◆ **DATASET ENTRIES**:
○ ○ ○ ○ ○

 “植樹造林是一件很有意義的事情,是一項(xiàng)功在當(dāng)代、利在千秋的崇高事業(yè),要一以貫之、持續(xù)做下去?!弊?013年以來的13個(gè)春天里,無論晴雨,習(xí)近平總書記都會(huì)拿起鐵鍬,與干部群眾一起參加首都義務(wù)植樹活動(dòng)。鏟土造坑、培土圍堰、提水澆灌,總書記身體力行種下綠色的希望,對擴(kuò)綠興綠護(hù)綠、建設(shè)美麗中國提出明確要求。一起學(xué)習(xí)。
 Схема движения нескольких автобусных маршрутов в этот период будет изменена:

○ ○ ○ ○ ○

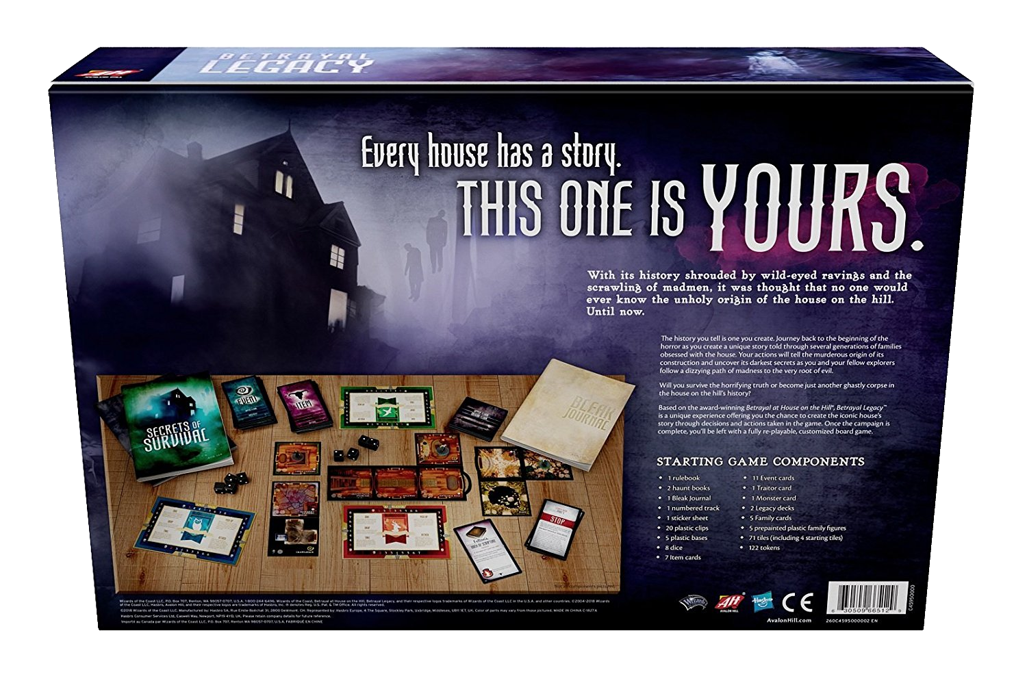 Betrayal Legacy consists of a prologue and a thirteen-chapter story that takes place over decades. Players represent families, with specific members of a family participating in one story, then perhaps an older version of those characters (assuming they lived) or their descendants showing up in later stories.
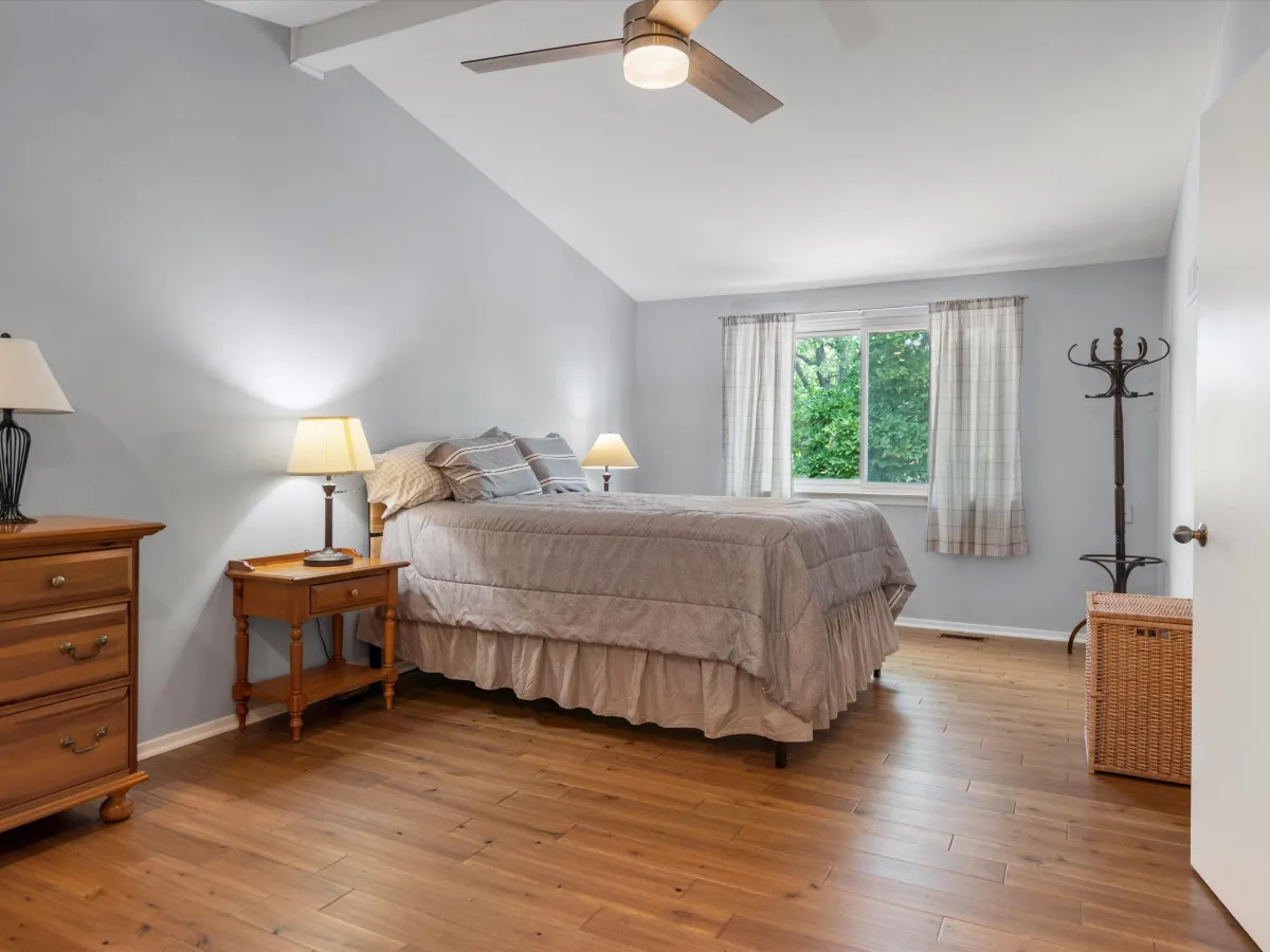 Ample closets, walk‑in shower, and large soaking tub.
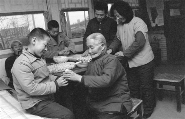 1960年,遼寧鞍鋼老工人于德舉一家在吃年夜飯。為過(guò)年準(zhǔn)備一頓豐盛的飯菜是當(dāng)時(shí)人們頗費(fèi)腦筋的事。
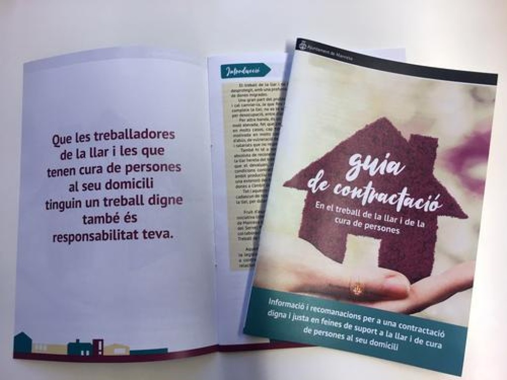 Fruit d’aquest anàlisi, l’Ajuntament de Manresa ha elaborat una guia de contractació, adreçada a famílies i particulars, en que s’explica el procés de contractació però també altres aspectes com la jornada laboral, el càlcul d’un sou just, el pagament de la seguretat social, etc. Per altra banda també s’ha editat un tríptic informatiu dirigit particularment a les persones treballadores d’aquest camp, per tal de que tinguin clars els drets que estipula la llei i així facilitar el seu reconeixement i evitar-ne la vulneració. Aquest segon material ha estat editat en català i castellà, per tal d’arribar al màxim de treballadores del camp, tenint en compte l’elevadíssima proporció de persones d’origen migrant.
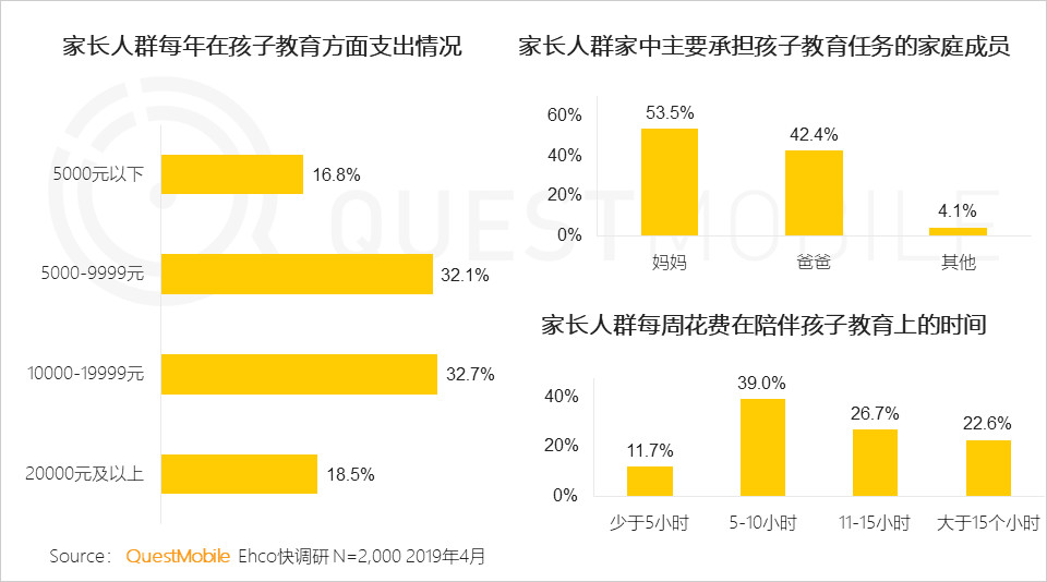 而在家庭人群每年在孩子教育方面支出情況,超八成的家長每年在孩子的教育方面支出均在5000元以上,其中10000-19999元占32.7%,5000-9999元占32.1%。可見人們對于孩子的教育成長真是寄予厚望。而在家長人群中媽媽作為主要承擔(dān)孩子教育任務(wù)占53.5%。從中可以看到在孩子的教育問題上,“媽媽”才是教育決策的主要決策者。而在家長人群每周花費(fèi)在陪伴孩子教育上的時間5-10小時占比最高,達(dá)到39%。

○ ○ ○ ○ ○

◆ **YOUR INSTRUCTIONS**: Set the pictures aside and transcribe exactly the stretch of lines above, beginning with the one holding "Fruit d’aquest anàlisi, l’Ajuntament" and ending with the one holding "而在家庭人群每年在孩子教育方".

◆ **OUTPUT BELOW**:
 Fruit d’aquest anàlisi, l’Ajuntament de Manresa ha elaborat una guia de contractació, adreçada a famílies i particulars, en que s’explica el procés de contractació però també altres aspectes com la jornada laboral, el càlcul d’un sou just, el pagament de la seguretat social, etc. Per altra banda també s’ha editat un tríptic informatiu dirigit particularment a les persones treballadores d’aquest camp, per tal de que tinguin clars els drets que estipula la llei i així facilitar el seu reconeixement i evitar-ne la vulneració. Aquest segon material ha estat editat en català i castellà, per tal d’arribar al màxim de treballadores del camp, tenint en compte l’elevadíssima proporció de persones d’origen migrant.
 而在家庭人群每年在孩子教育方面支出情況,超八成的家長每年在孩子的教育方面支出均在5000元以上,其中10000-19999元占32.7%,5000-9999元占32.1%。可見人們對于孩子的教育成長真是寄予厚望。而在家長人群中媽媽作為主要承擔(dān)孩子教育任務(wù)占53.5%。從中可以看到在孩子的教育問題上,“媽媽”才是教育決策的主要決策者。而在家長人群每周花費(fèi)在陪伴孩子教育上的時間5-10小時占比最高,達(dá)到39%。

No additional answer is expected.